FBI Documentation from 1947 to 1954
The documents in this collection outline the FBI’s involvement in the investigation of UFO sightings reported between 1947 and 1954. It includes 1,616 pages of files obtained from FBI Headquarters in Washington, D.C., which detail various reported instances of unidentified or unexplained flying objects. In 1947, numerous reports were submitted to the FBI, prompting interest in interviewing military personnel, particularly those from the Air Force, who had witnessed these phenomena.
The FBI received a significant number of reports and collaborated with the Air Force for a period to investigate these occurrences. The files encompass a diverse range of reported sightings, including multiple eyewitness accounts of a flying object in Philadelphia, a Navy pilot’s observation of a UFO over Myrtle Creek, Oregon, and even a report of a silver-painted cardboard box.

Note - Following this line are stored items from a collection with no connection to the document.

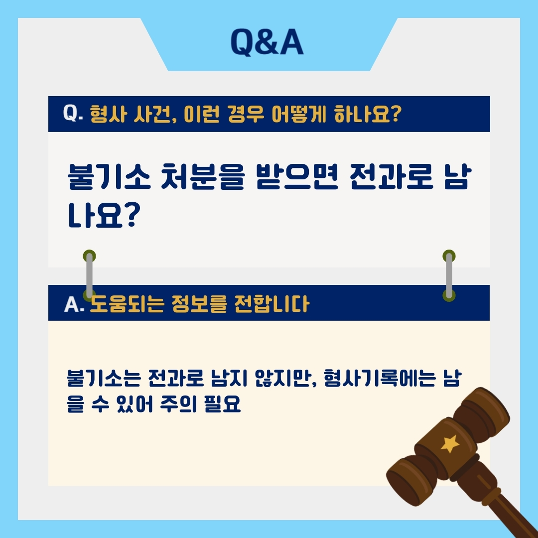 많은 분들이 수사기관에 조사를 받거나 고소를 당한 경험이 있을 때, 결국 검사의 불기소 처분을 받으면 모든 문제가 끝났다고 생각하지만, 전과 기록과는 또 다른 문제라는 점에서 주의를 요합니다.
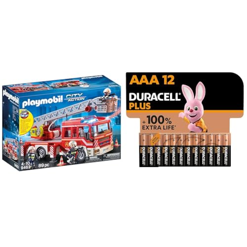 Playmobil - Camion de Pompiers avec Échelle Pivotante - 9463 + Piles alcalines AAA Duracell Plus, 1.5V LR03 MN2400, Paquet de 12
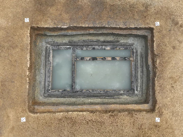 关口一号墓为长方形竖穴土坑木椁墓,方向81°。建造方式为先挖竖穴墓圹,墓圹内置木椁,后于木椁顶部及四周包裹白膏泥。墓圹长6.50、宽4.25—4.30、距现地表深4.13—4.78米。由于墓内常年处于满水状态,且未被盗扰破坏,故椁室、木棺及随葬品均保存较好。
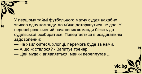 У першому таймі футбольного матчу суддя нахабно зливає одну команду, до м'яча доторкнутися не дає. У перерві розлючений начальник команди біжить до суддівської розбиратися. Повертається в роздягальню задоволений:
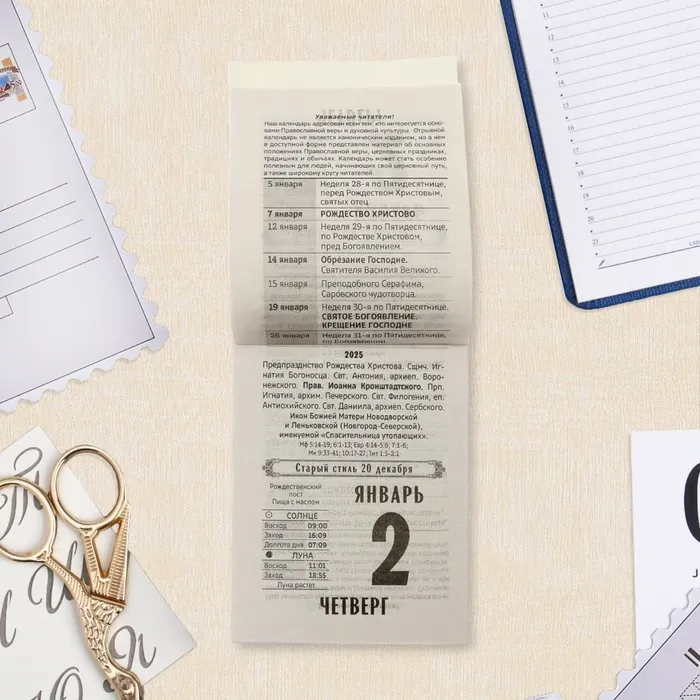 Календарь отрывной "Православный церковный календарь" 2025 год, 7,7 х 11,4 см

FBI Files on Project Blue Book (File Number 62 – 83894)
This section contains 13 pages of FBI documentation dated from 1977 to 1989, summarizing the establishment and eventual disbandment of Project Blue Book. This project was the United States Air Force’s systematic examination of unidentified flying objects, conducted from March 1952 until its conclusion on December 17, 1969.
FBI Files on the National Investigations Committee on Aerial Phenomena
This collection comprises 81 pages of FBI files containing various information regarding a private organization known as the National Investigations Committee on Aerial Phenomena (NICAP). Founded in the 1950s, NICAP aimed to investigate UFO sightings. Between 1957 and 1969, NICAP and its members maintained periodic communication with the FBI, and this collection includes that correspondence.
FBI Files on Silas M. Newton
This collection features 77 pages of FBI files detailing investigations into Silas Newton’s fraudulent activities from 1951 to 1970. Newton (1887-1972) was a well-known oil producer and infamous con artist who claimed to have developed a device capable of detecting minerals and oil. He was referenced as an expert in Frank Scully’s book Behind the Flying Saucers, which alleged to document several UFO crashes in New Mexico. In 1950, Newton claimed that a flying saucer had crashed on property he leased in the Mojave Desert; however, he later retracted this statement in 1952, admitting he had never seen a flying saucer himself and had only repeated hearsay.
FBI Memo on the Roswell, New Mexico UFO Incident
On July 8, 1947, the FBI’s Dallas Field Office transmitted a teletype concerning a flying disc that resembled a high-altitude weather balloon discovered near Roswell, New Mexico.